Gradient-based cubing

Our cubing method follows Frag-Cubing approach (Li et al., 2004). We start by building an inverted index and value-list index from the base relation R, and then assembling high-dimensional cubes from low-dimensional ones. For example, to compute the cuboid cell {x1, y3, *} from Table 1, we intersect the tids (see Table 2) of x1 {1, 4} and y3 {4} to get the new list of {4}. For tcT and tcF (see Definition 3.2).
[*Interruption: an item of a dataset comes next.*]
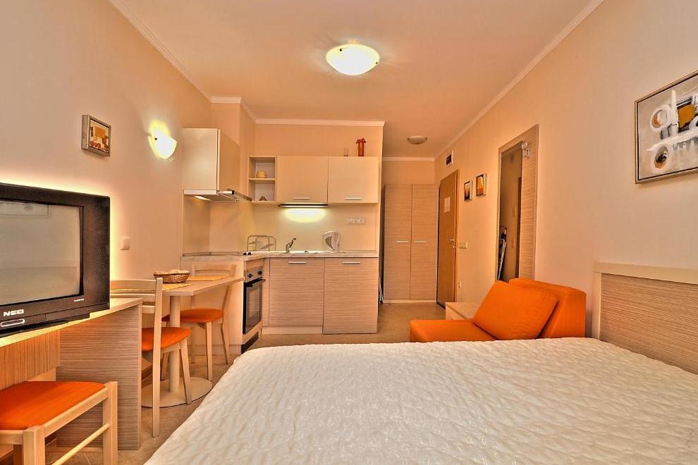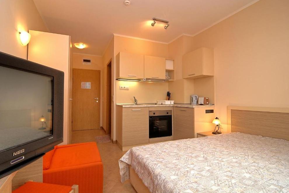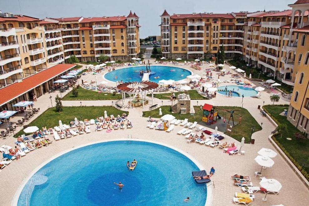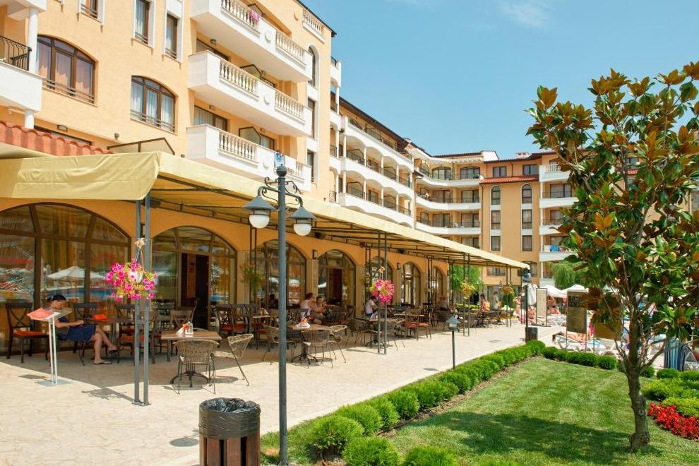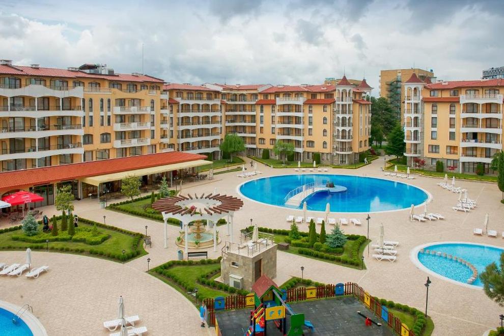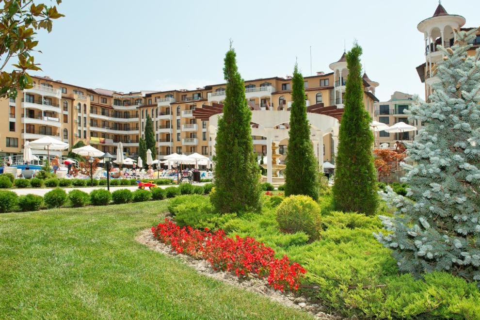 Просторна градина от над 10 000 кв.м. с детски кът; 3 басейна, включително детски - над 1000 кв.м.; Модерно и стилно обзаведени стаи и апартаменти; СПА център - масажи, джакузи, сауна, солариум; Фитнес; Супермаркет; Ресторант; Лоби бар; Козметика; Валутно бюро; Фризьорски салон; 24-часова рецепция; Шезлонги и чадъри на басейна; 24-часова охрана; Пералня; Услуги за събуждане; Екскурзии; Медицински услуги; Смяна на бельо в стаите; Сейф; Магазин; Детска кошарка под наем; Детегледачка; Детска площадка; Паркинг

For example, for cell {x1, y2, z3} its tcT correspond to M(*, y2, z3) = 1. And its tcF = TIDsize(*, y2, z3)/min(tcT (y2); tcT (z3)) = 1/1 = 1. A processing tree GR-tree (see Figure 3) following a Top-Down DFS traversal is used to aggregate potential GR. We also calculate spreadness (sf, see Section 3.1) for all individual dimensions X, Y and Z, and consequently, all possible partitions from Table 1. The GR-tree will follow the order of X >> Y >> Z. Given that we want to find large gradients, those higher ones will probably take place on projecting GR having higher SF. Here comes the first heuristic for pruning (p1, pruning non-valid projections). For example, a threshold constraint on a GR is ∆max ≥ ∆min (where ∆min is a user-given threshold). Let’s say that we are interested to search for gradients on GR having a ∆min > 55%. From this constraint, we only need to evaluate GR and its projections satisfying this minimum delta value (see Figure 3).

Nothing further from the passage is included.